→ RECORDED DATA:
● ● ● ● ● ● ●

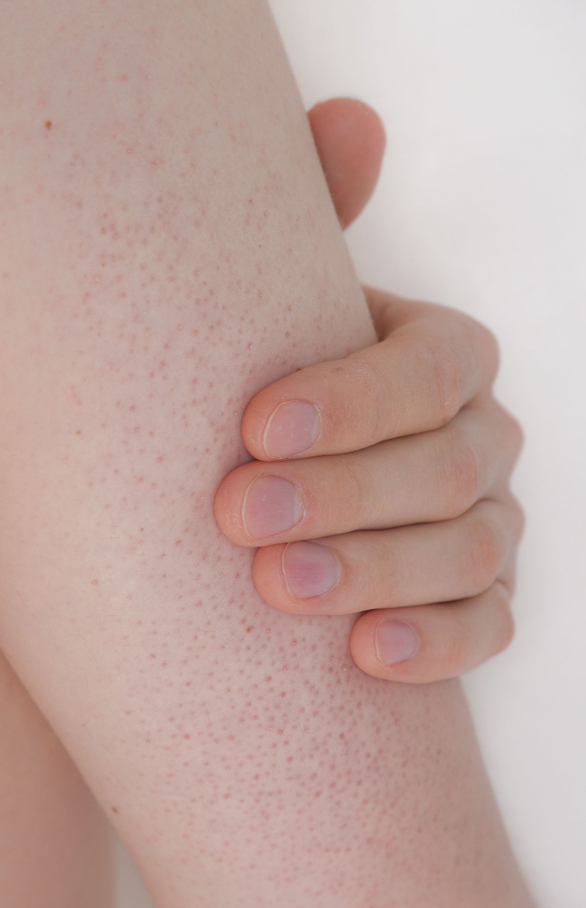 Kroppssprayen är lämplig att använda på hud med keratosis pilaris, även kallad "jordgubbshud".
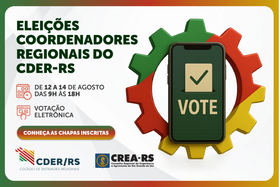 Profissional, a votação eletrônica para a chapa dos cargos de Coordenadores Regionais Titulares e Suplentes ocorrerá a partir das 9 horas do dia 12 de agosto de 2025 (terça-feira) até às 18 horas do dia 14 de agosto de 2025 (quinta-feira).Somente profissional em dia com as obrigações perante o CREA-RS, e sócio de entidade de classe poderá votar, acessando o site do CREA-RS (www.crea-rs.org.br). Durante o horário de atendimento externo das Inspetoria e Sede, haverá um computador à disposição nestes locais, para votação.
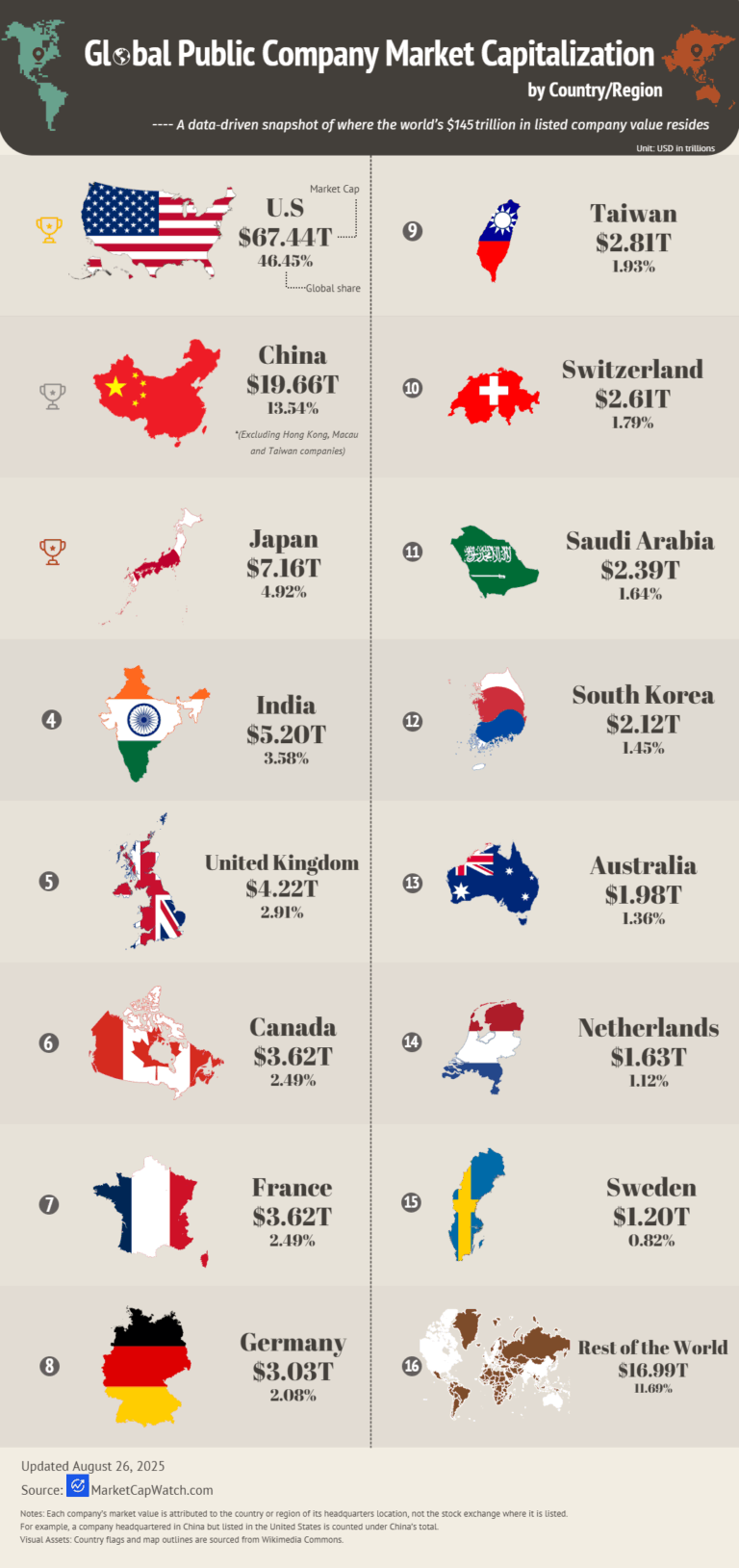Global Public Company Market Capitalization by Country - Brilliant Maps
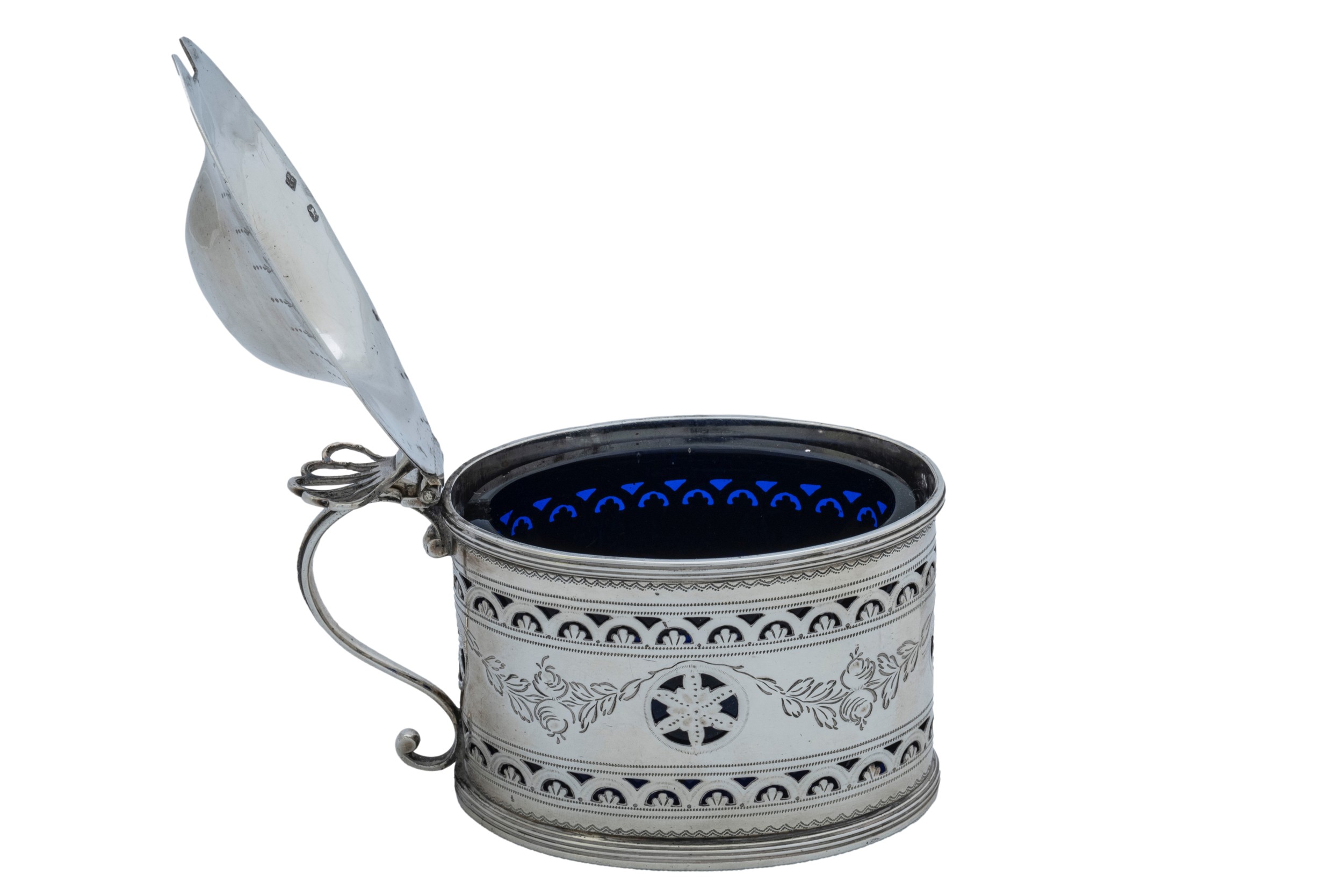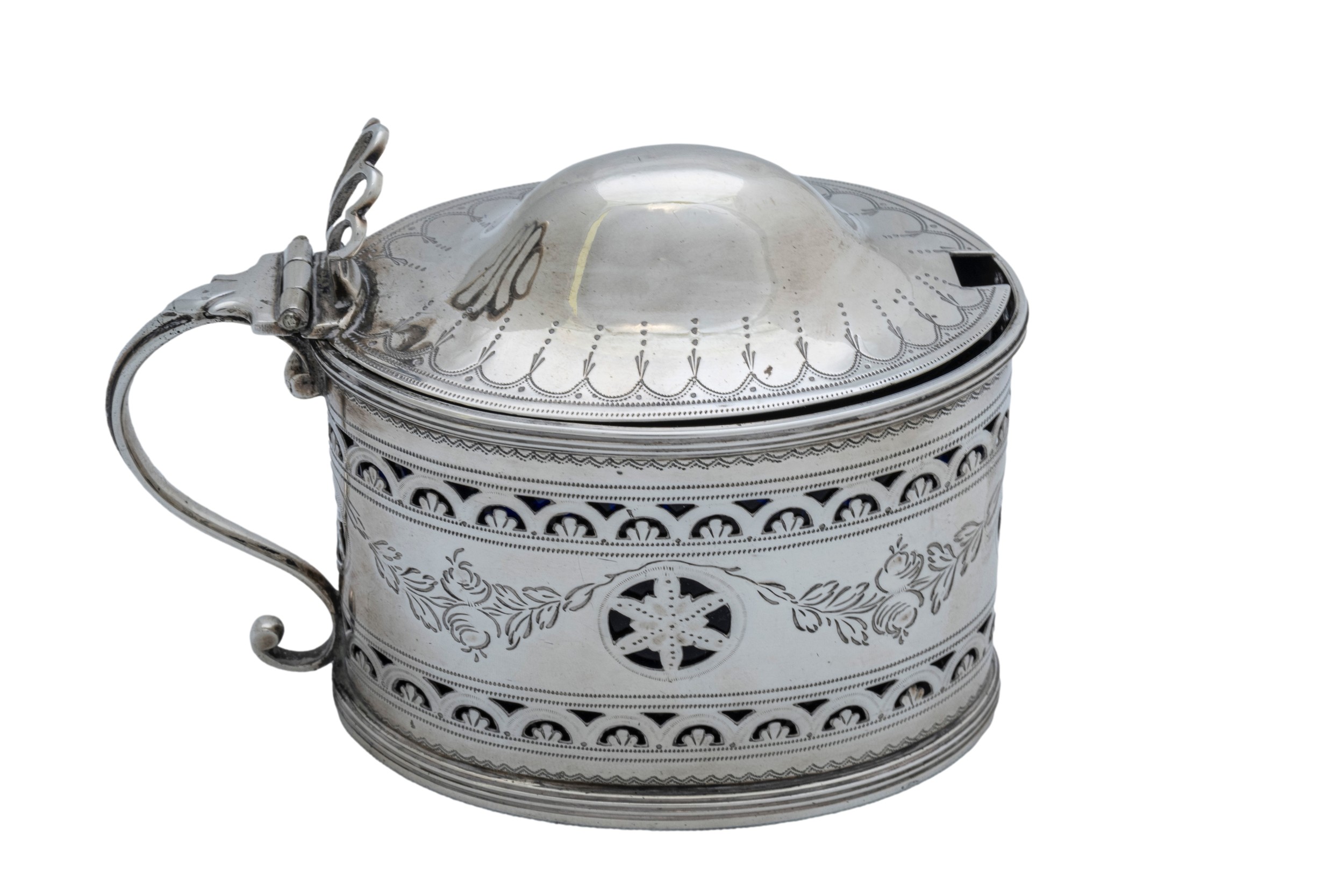 The hinged cover is a little loose, with some lateral movement. The body of the mustard pot is in good condition, no indentations, the overall shape is good.
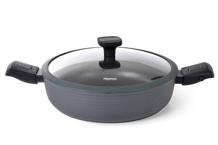 Компания FISSMAN - признанный лидер в производстве кухонной утвари - представляет новую эксклюзивную серию посуды BRILLIANT, главным преимуществом которой является профессиональное антипригарное покрытие XylanPlus (USA, www.whitfordww.com). • Профессиональное покрытие XylanPlus содержит керамические частицы, которые усиливают антипригарные свойства и обеспечивают надежную защиту от механического истирания. • Посуда серии BRILLIANT отвечает международным экологическим стандартам, имеет соответствующие сертификаты безопасности. При производстве посуды компания FISSMAN не применяет PFOA, токсичные, канцерогенные компоненты. • Благодаря съемным бакелитовым ручкам посуду BRILLIANT можно использовать для запекания в духовке. Изделия удобно хранить в разобранном виде. • Дизайн продуман до мелочей: уникальный серо-оливковый цвет снаружи, оригинальная внешняя поверхность с объемным графическим рисунком, а также съемные стильные бакелитовые ручки с силиконовыми вставками удовлетворят потребности самых изысканных и современных покупателей. • Стеклянная крышка с силиконовым ободком плотно прилегает, не скользя и не царапая покрытие, позволяет наблюдать за готовностью пищи, не открывая посуду, тем самым исключая попадания брызг на кожу и одежду. • Серия BRILLIANT --это широкий модельный ряд посуды для приготовления различных видов блюд: сковороды глубокие, ковши, кастрюли. • Индукционное дно посуды серии BRILLIANT быстро и равномерно нагревается до нужной температуры. Посуда серии BRILLIANT подходит для всех типов плит.
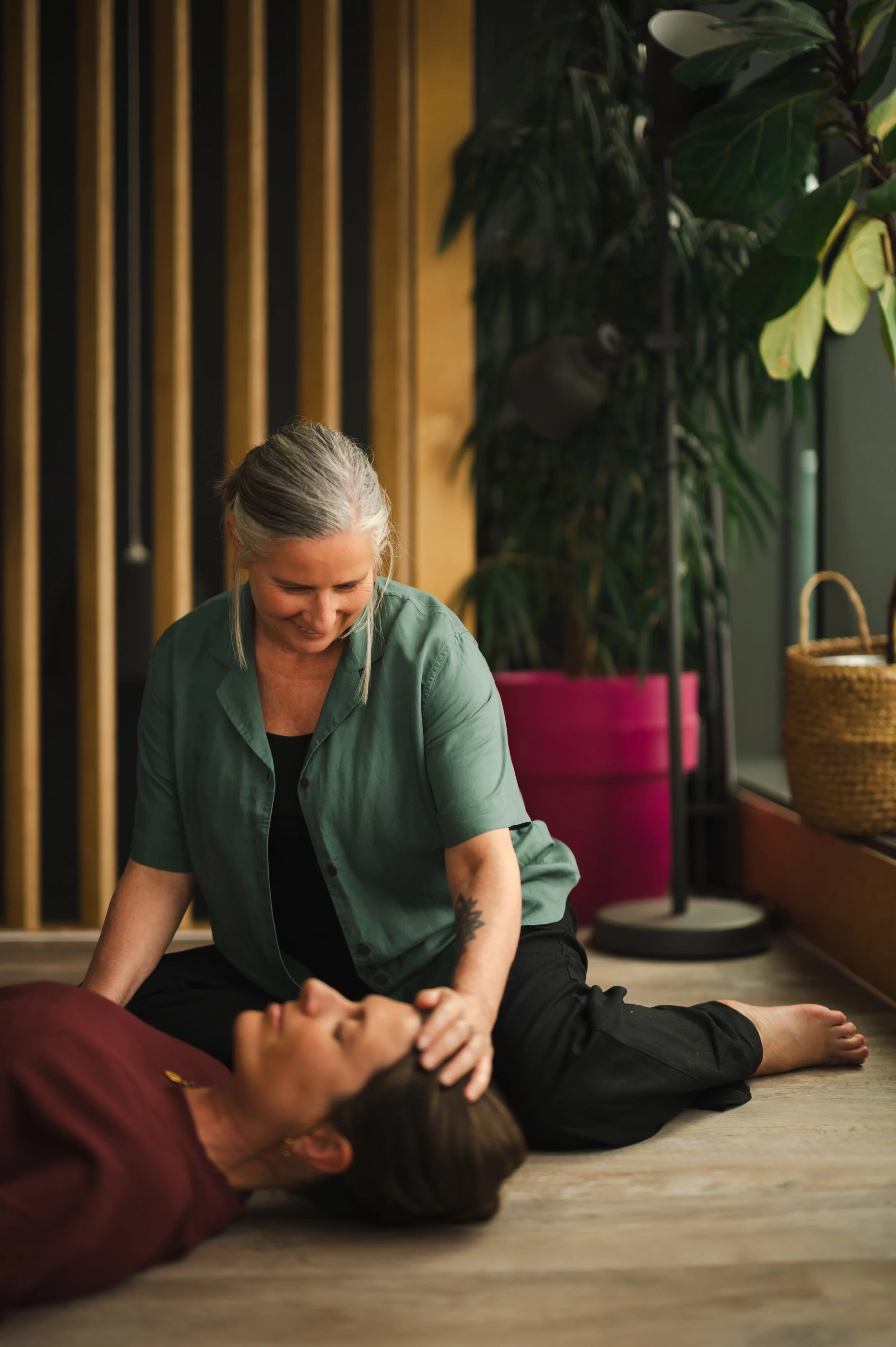 My background spans yoga, breathwork, psychotherapy and somatic practice, and everything we offer is informed by a deep respect for the nervous system and how people actually live in their bodies.

● ● ● ● ● ● ●

→ DIRECTIONS FOR THIS TASK:
Beginning at the line that has "Profissional, a votação" and ending at the line that has "The hinged cover", restate the listing above word for word, pictures left out.

→ SOLUTION TO THIS EXERCISE:
 Profissional, a votação eletrônica para a chapa dos cargos de Coordenadores Regionais Titulares e Suplentes ocorrerá a partir das 9 horas do dia 12 de agosto de 2025 (terça-feira) até às 18 horas do dia 14 de agosto de 2025 (quinta-feira).Somente profissional em dia com as obrigações perante o CREA-RS, e sócio de entidade de classe poderá votar, acessando o site do CREA-RS (www.crea-rs.org.br). Durante o horário de atendimento externo das Inspetoria e Sede, haverá um computador à disposição nestes locais, para votação.
Global Public Company Market Capitalization by Country - Brilliant Maps
 The hinged cover is a little loose, with some lateral movement. The body of the mustard pot is in good condition, no indentations, the overall shape is good.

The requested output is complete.